In Windsor Heights, Iowa, 35-year-old Geoffrey Wood, the chief operating officer of Startup Genome, said he signed on for the state’s co-op, CoOportunity Health, because he had grown tired of dealing with his previous insurer, Aetna Inc.’s subsidiary Coventry Health Care Inc.

‘New Guy’

“Given the choice between them, as the incumbent company, and an innovative company trying to do something different, I didn’t feel like I had much choice,” Wood said in a telephone interview. “I decided to give the new guy a shot.”

Cynthia Michener, an spokeswoman for Hartford, Connecticut- based Aetna, said Coventry’s advantages for enrollees include experience with the Iowa health-care system and stability. She declined to discuss Wood’s case without authorization from him.

“Coventry Health Care has served Iowans for more than two decades, and knows the community and its health-care needs well,” Michener said in an e-mail. “We have long-standing experience of providing health insurance and benefits and helping members access care, and a track record of financial stability to pay claims.”

About 4 million Americans have signed up for private health plans using new marketplaces created by the law, the U.S. government says. The Congressional Budget Office projects 6 million will enroll this year, a reduction of 1 million from estimates before the troubled introduction of the law began in October.

Slow Starts

It hasn’t been a smooth road for some of the co-ops. The computer bugs and errors that prevented many Americans from signing up for coverage in October and November took a toll and, in some states, the startups continue to struggle.

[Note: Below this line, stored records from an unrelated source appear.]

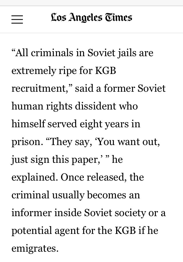 “All criminals in Soviet jails are extremely ripe for KGB recruitment,” said a former Soviet human rights dissident who himself served eight years in prison. “They say, ‘You want out, just sign this paper,’ ” he explained.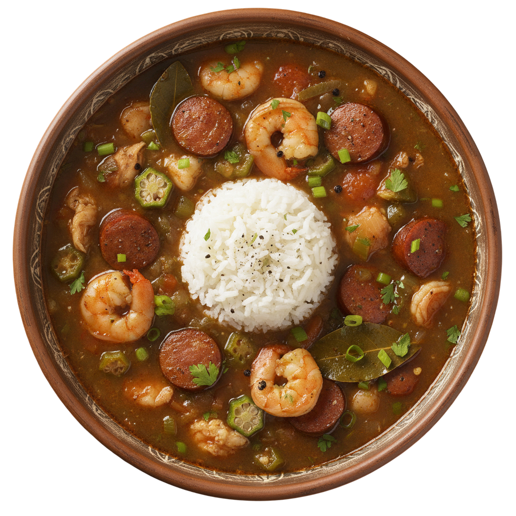 A flavorful, tomato-based gumbo with chicken, holy trinity, and rich Creole spices.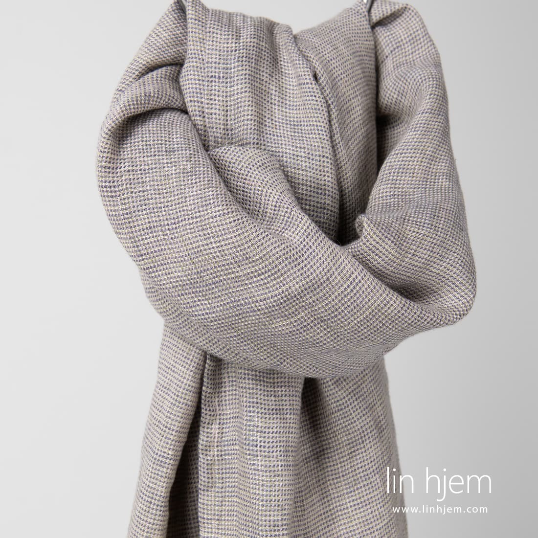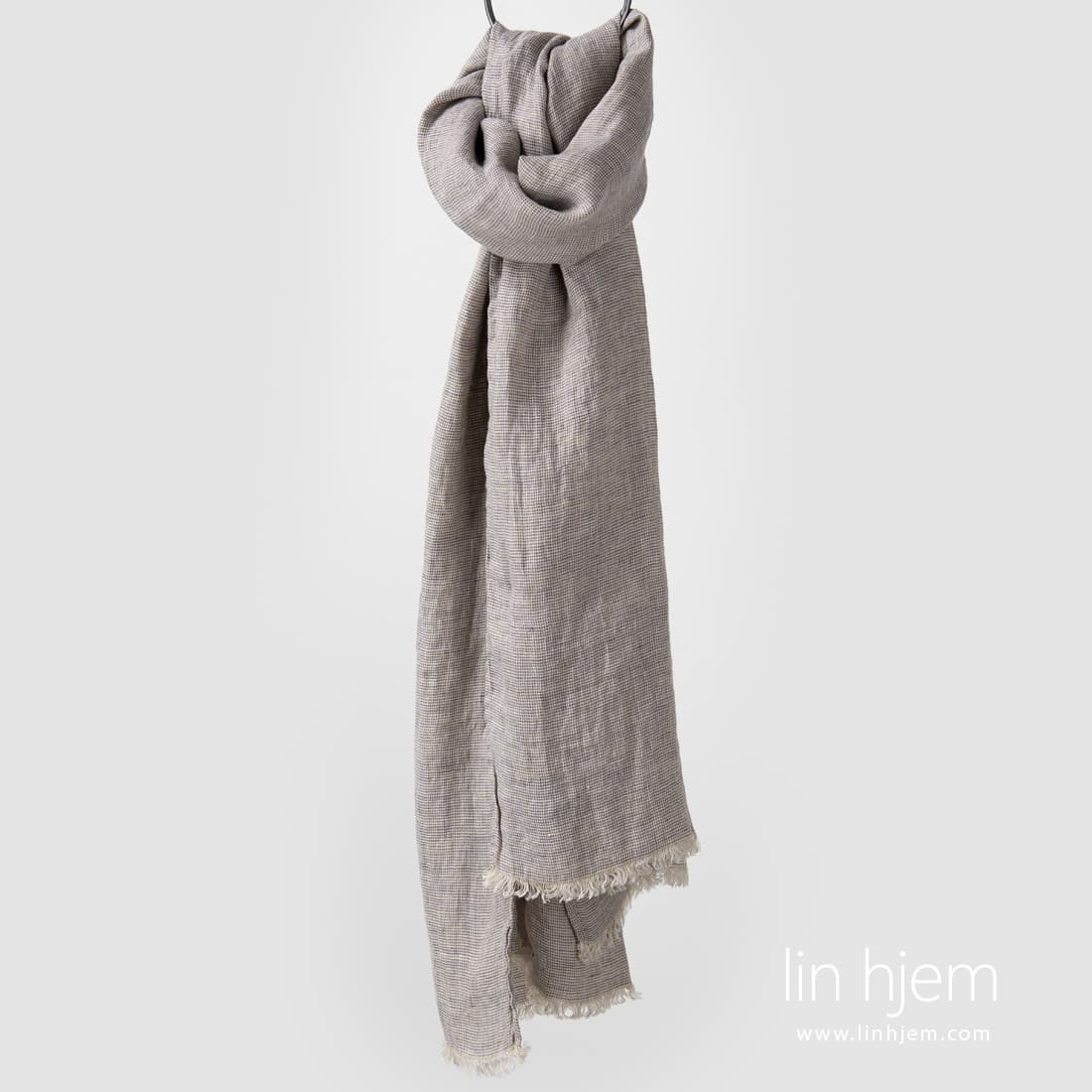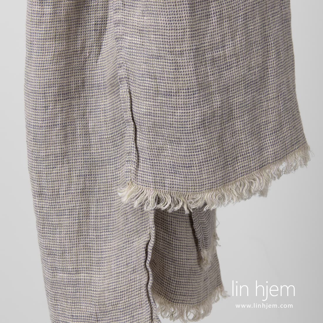 MEINO gråaktig sjal. Lett linstoff for dette produktet er vevd i små ruter av sand farget, gammelgrønne og lilla garn. Sjalet er laget av spesielt vasket stoff som er ekstremt mykt, skånsomt som ikke krymper. Korte sidene er dekorert med 2cm lange frynser.

Co-ops in Maryland, Oregon and Massachusetts, for instance, haven’t hit their target enrollments because their state-run exchanges still aren’t functioning well. And Vermont’s co-op dissolved in September, returning its federal solvency loans, after state regulators denied it an insurance license, saying the company’s enrollment expectations were unrealistic and its proposed rates weren’t competitive.

“They’re finding their way to us off the exchange, fortunately,” Dawn Bonder, CEO of Oregon’s Health Republic Insurance, one of two co-ops in the state, said in a phone interview. She estimated the company signed up about 4 percent to 5 percent of customers using Oregon’s exchange, which had enrolled about 33,800 people by February, according to the U.S. government.